Interview Impressions (in alphabetical order)
Boston Children’s: Peds >> Adults. Big children's hospital.
Lots of immunodeficiency, also lots of inpatient (and ED?) consults for allergy. They have separate Allergy and Immunology inpatient services. There are blocks of covering the Allergy pager + service and the Immunology pager + service. Fellows also cover pediatric Rheumatology, including the inpatient service and call, for 3 months a year. This includes a “Kawasaki Disease” pager. I think this could be interesting if you are someone interested in those immunodeficiency/rheum overlap “immune dysregulation” patients. If I remember correctly, fellows had a lot of involvement in peri- and post-BMT patients. This was one of the places where I wondered if you were being trained to be “an A/I at this particular institution” rather than a general Allergist/Immunologist. Research opportunities (basic, translational, clinical) plentiful with clear funding for 3rd year. Strengths seem to be immunodeficiency and food allergy. Some fellows were also doing research at other institutions in Boston.

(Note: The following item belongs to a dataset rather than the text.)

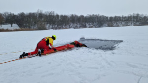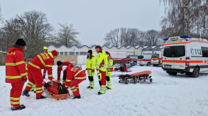 Zu Beginn erhielten die Teilnehmenden eine theoretische Einweisung. Dabei wurde vermittelt, worauf bei einer Eisrettung zu achten ist und der Unterschied zur Wasserrettung im Sommer liegt. Auch das Zusammenspiel mit dem Rettungsdienst wurde besprochen, um im Einsatzfall einen reibungslosen Ablauf sicherzustellen.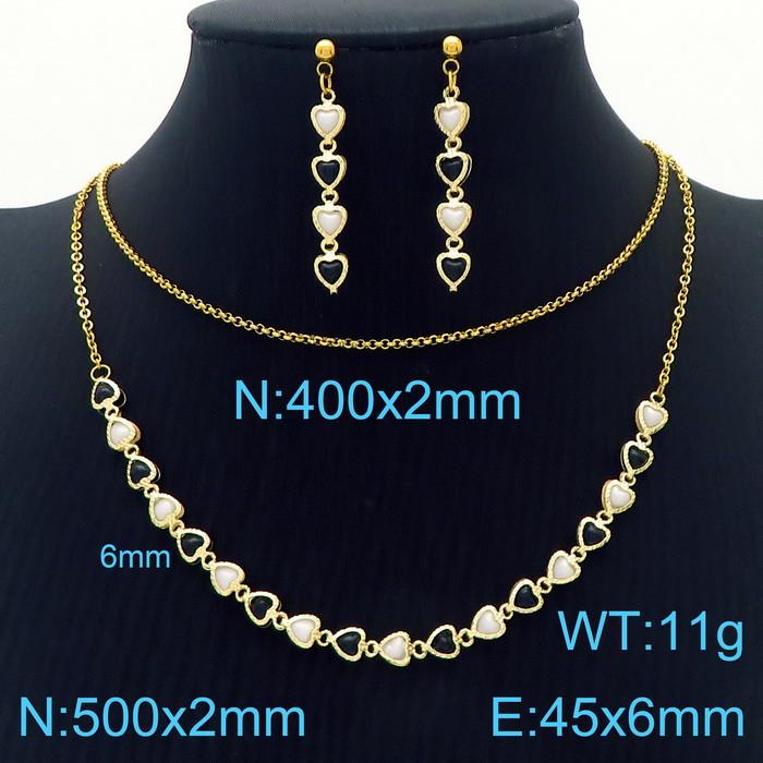 - Ins White And Black Shell Heart Earrings 18K Gold Plated Copper Stainless Steel Double Necklaces Jewelry Set

CHOP: Peds >> Adults. Big children's hospital.
First year heavy clinically, third year is a “pretending” along with research. Similar to Boston, lots of immunodeficiency in addition to allergy. They have inpatient services—seemed like mostly immunodeficiency but also could admit asthma patients/anaphylaxis obs patients known to the department. Seriously beautiful outpatient facilities. Fellows seemed happy and attendings were friendly. Third year funding seemed guaranteed. Many different research opportunities in immunodeficiency and food allergy (+related conditions), or in collaboration with departments outside A/I. Multiple young faculty who either have K’s or are close to K’s from who graduated from the fellowship.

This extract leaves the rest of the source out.